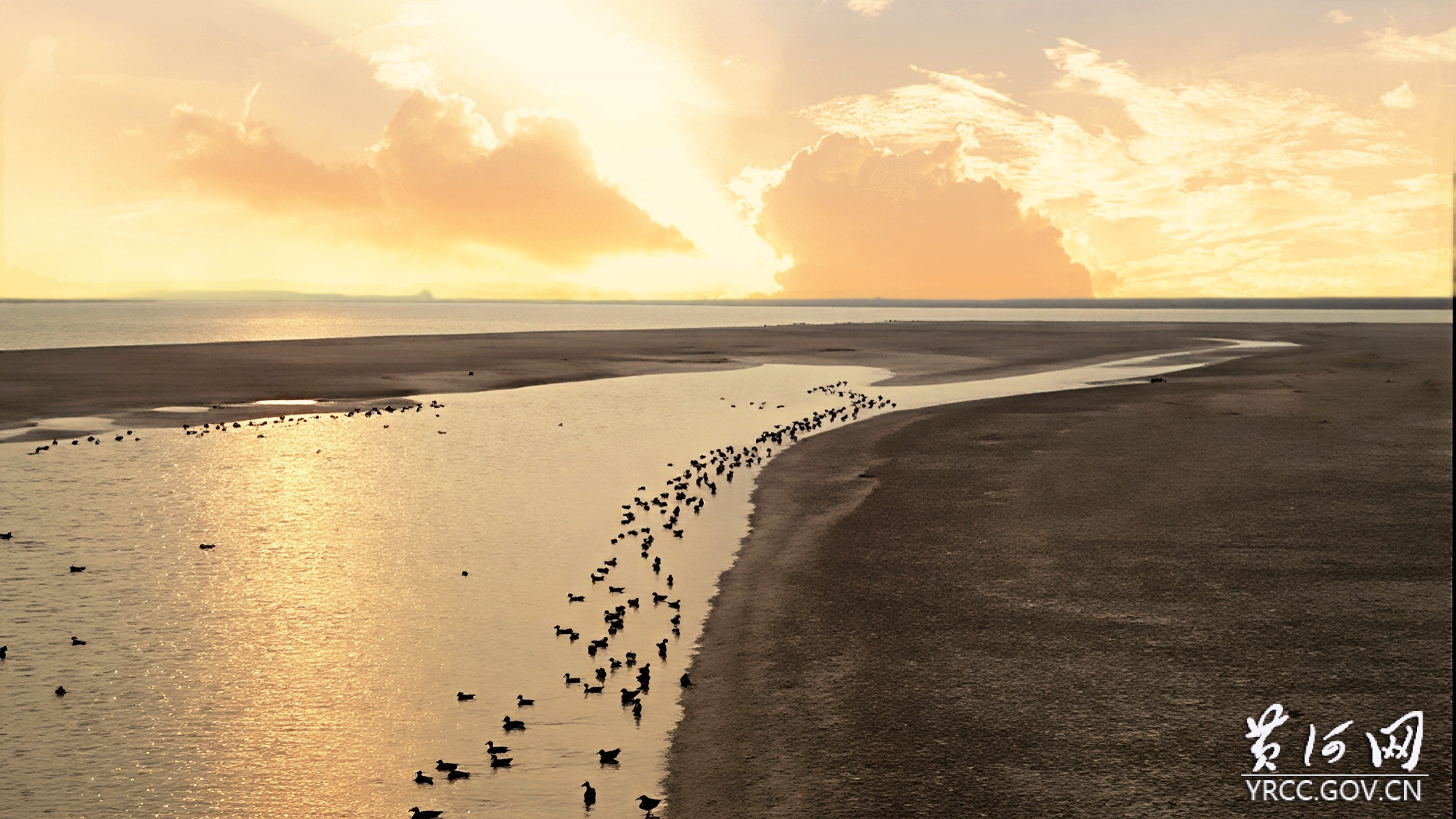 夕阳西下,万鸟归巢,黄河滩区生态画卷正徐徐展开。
...
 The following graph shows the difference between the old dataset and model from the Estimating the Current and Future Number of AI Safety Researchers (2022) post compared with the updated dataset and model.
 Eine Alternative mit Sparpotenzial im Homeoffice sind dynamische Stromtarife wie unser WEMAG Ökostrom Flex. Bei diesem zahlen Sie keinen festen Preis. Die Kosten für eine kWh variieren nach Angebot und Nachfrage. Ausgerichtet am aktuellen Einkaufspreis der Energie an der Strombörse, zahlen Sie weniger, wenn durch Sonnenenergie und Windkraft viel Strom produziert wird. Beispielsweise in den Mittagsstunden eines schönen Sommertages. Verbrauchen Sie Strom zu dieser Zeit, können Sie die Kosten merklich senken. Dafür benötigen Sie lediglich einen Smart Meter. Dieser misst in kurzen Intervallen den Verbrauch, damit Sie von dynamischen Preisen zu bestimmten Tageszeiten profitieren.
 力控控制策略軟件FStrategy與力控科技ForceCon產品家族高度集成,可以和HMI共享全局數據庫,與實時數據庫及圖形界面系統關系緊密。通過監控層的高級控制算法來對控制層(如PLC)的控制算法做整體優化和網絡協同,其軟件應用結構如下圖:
---
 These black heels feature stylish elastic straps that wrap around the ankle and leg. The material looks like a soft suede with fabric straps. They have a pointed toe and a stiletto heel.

* **Task description**:
Scan the material above and copy every line that holds the string "with".

* **Answer box**:
 The following graph shows the difference between the old dataset and model from the Estimating the Current and Future Number of AI Safety Researchers (2022) post compared with the updated dataset and model.
 These black heels feature stylish elastic straps that wrap around the ankle and leg. The material looks like a soft suede with fabric straps. They have a pointed toe and a stiletto heel.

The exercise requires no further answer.